T. albobiverticillius is a red pigment-producing ascomycete fungus that was previously classified in the genus Penicillium. T. albobiverticillius reportedly has industrial value because this species produces large amounts of the red pigment that can potentially be used as a food-coloring agent [9]. However, to the best of our knowledge, isolation of T. albobiverticillius from a clinical specimen has not been previously reported. Like most Penicillium species, T. albobiverticillius could also be considered as a contaminant because it can be found indoors [10]. Some species of Talaromyces such as T. purpurogenus and T. minioluteus also secrete the red pigment [911]. To differentiate these Talaromyces spp. from T. marneffei, samples should be incubated at 25–30℃ and 35–37℃ because T. marneffei is the only dimorphic fungus among Penicillium and Talaromyces spp. Moreover, red pigment-producing Talaromyces spp. are morphologically very similar to T. marneffei; distinguishing between them only by microscopy and colony examination is difficult.

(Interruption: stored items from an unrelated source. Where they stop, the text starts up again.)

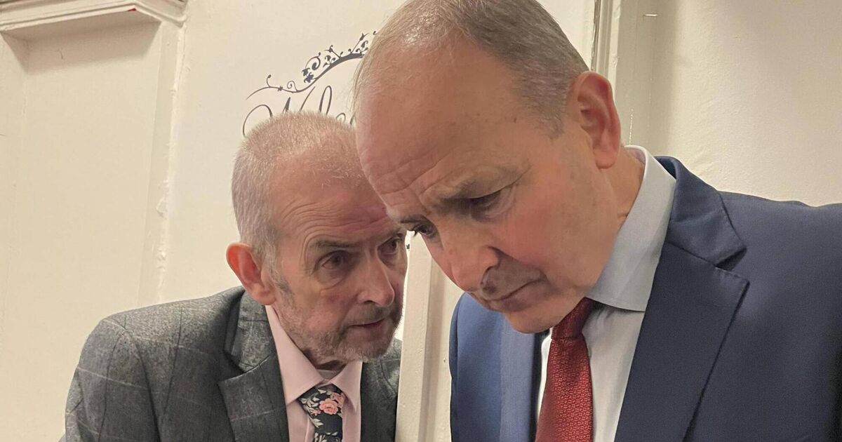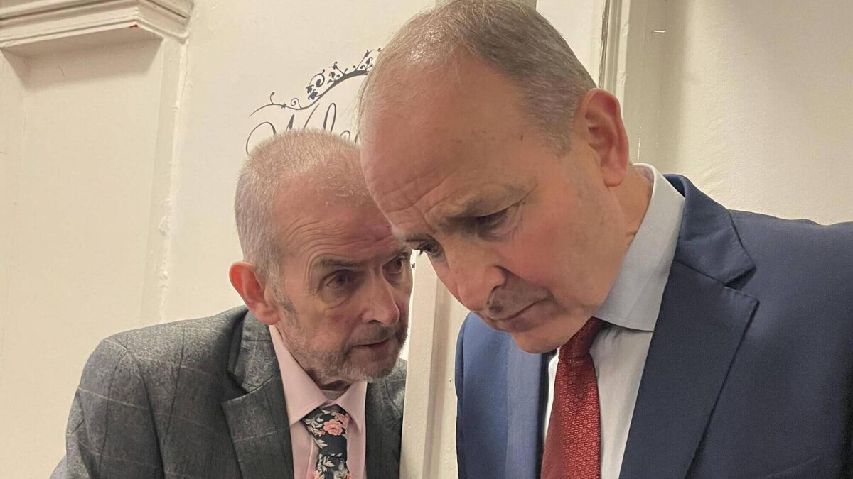 The late Cork Life Centre director Don O'Leary deep in conversation with Taoiseach Micheál Martin, following a 2022 visit by the Taoiseach to the northside alternative education facility. Picture: Donal O'Keeffe.
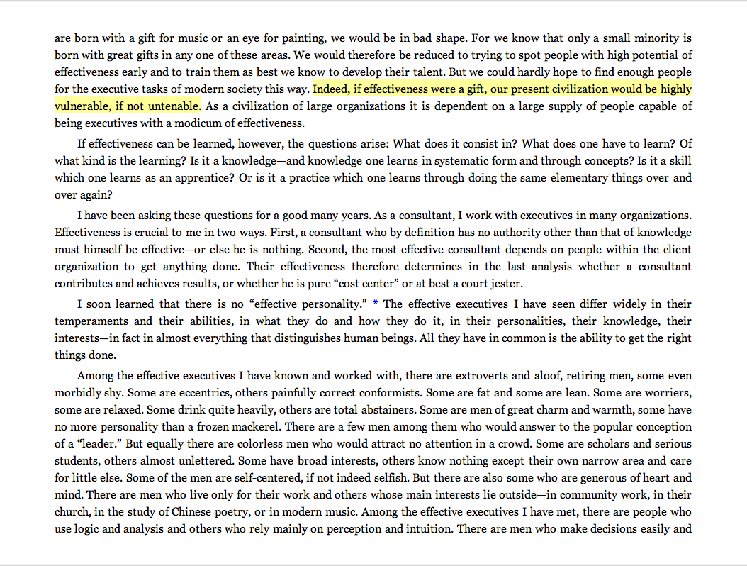 “If effectiveness were a gift [rather than something that can be learned], our present civilization would be highly vulnerable, if not untenable.”
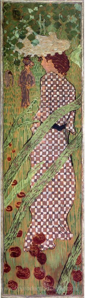 Nous vous proposons une reproduction artisanale sur toile du célèbre tableau 'Femme dans une robe à carreaux' de Pierre Bonnard, provenant du Musée de la Reproduction.
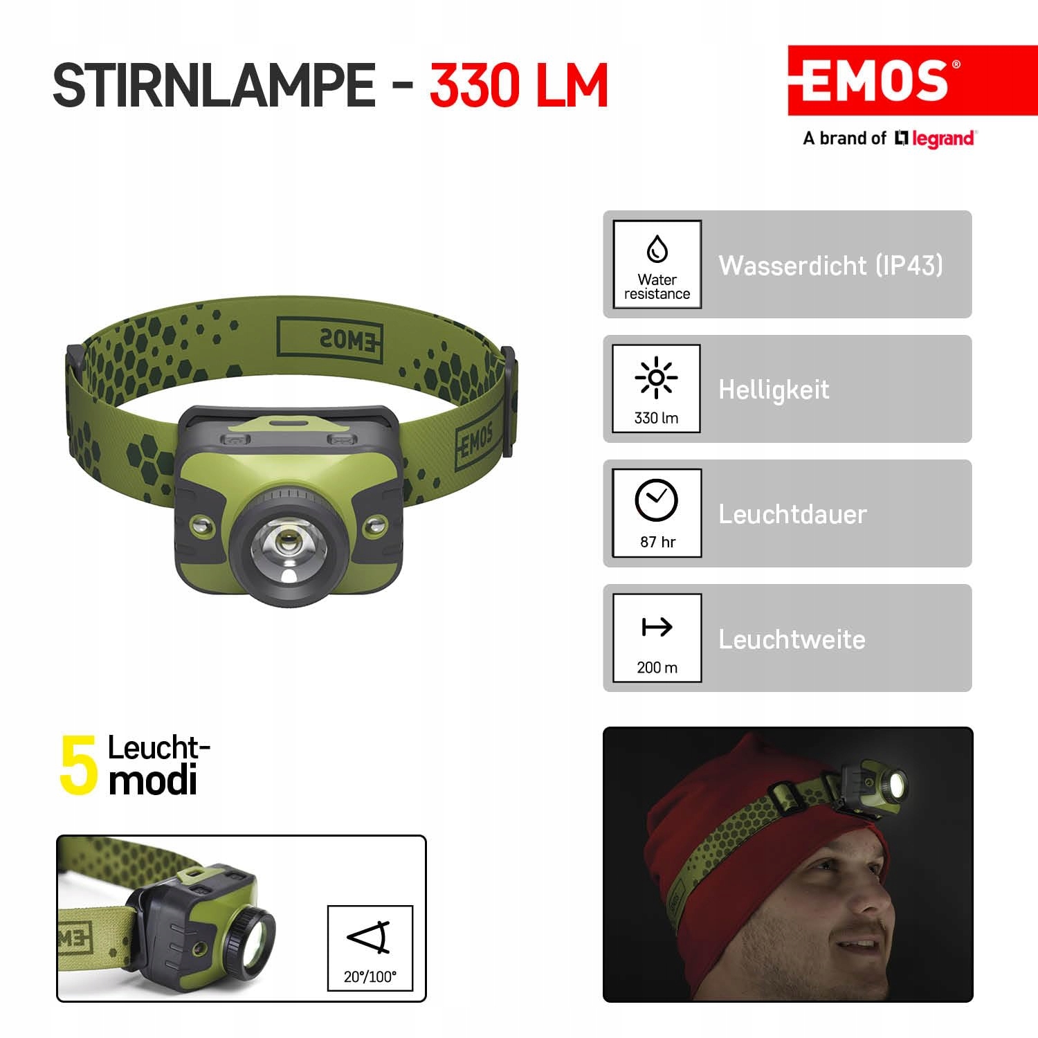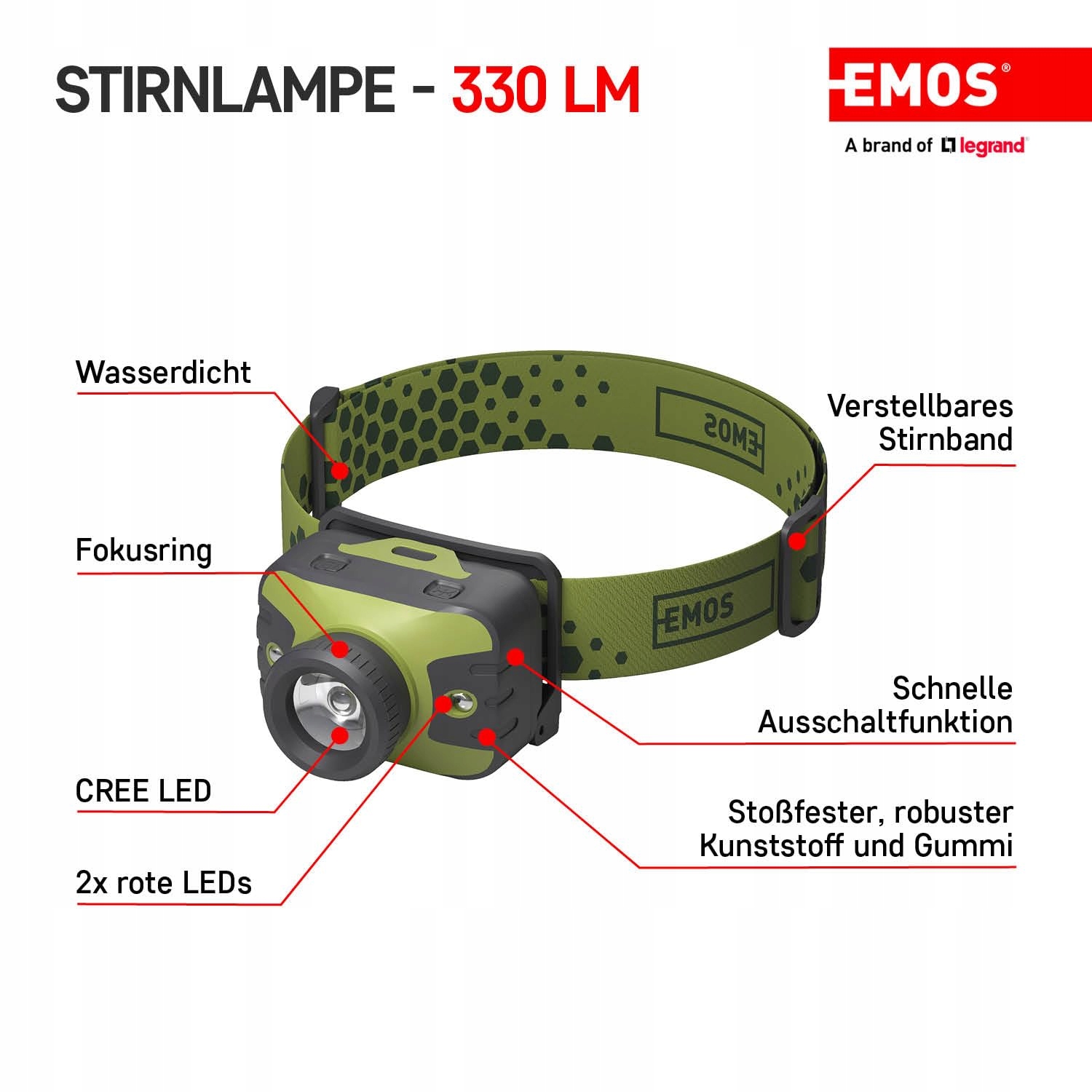 EMOS - Czołówka z funkcją ogniskowania - czerwone światło - jasność 330lm, zasięg światła 200m - 5 trybów świecenia - czas świecenia 87 godz. - wodoodporna, odporna na wstrząsy - regulowany pasek - do użytku na zewnątrz
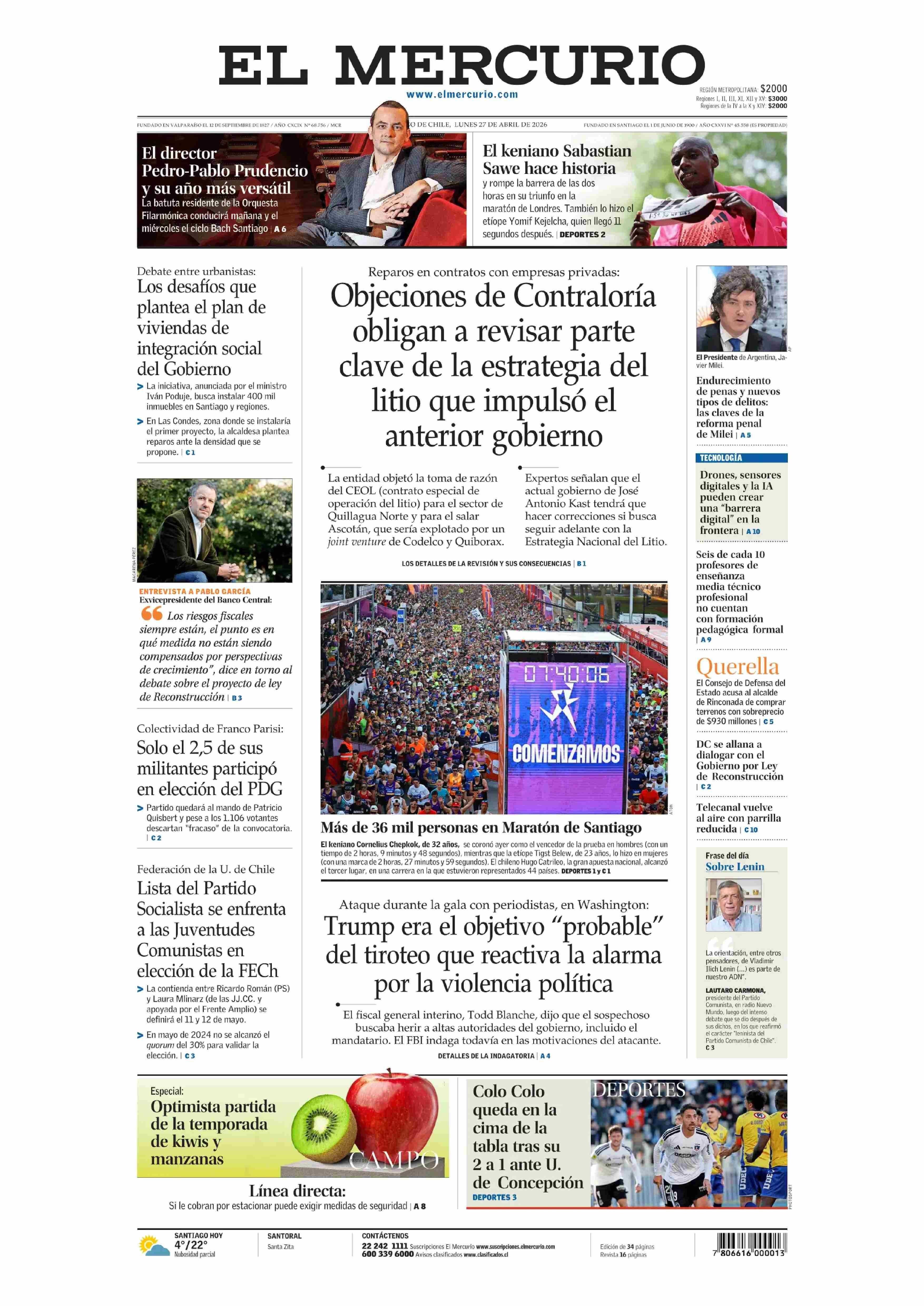 PORTADA EL MERCURIO (A) CHILE 27-04-2026 El Mercurio |

In most clinical laboratories, fungi are usually identified by their typical colony morphologies and structures following lactophenol cotton blue staining. Results from this case suggest that laboratory staffs should be aware that mold form, which produce a red pigment on the surface of the culture medium, can be isolated and if their microscopic characteristics suggest Talaromyces (Penicillium) spp., the isolate could be a Talaromyces spp. other than T. marneffei. Recently, matrix-assisted laser desorption ionization time-of-flight mass spectrometry (MALDI-TOF MS) was used to identify various clinically important fungi, including T. marneffei and related species [12]. If rapid and accurate identification is required, DNA sequencing or MALDI-TOF MS should be used.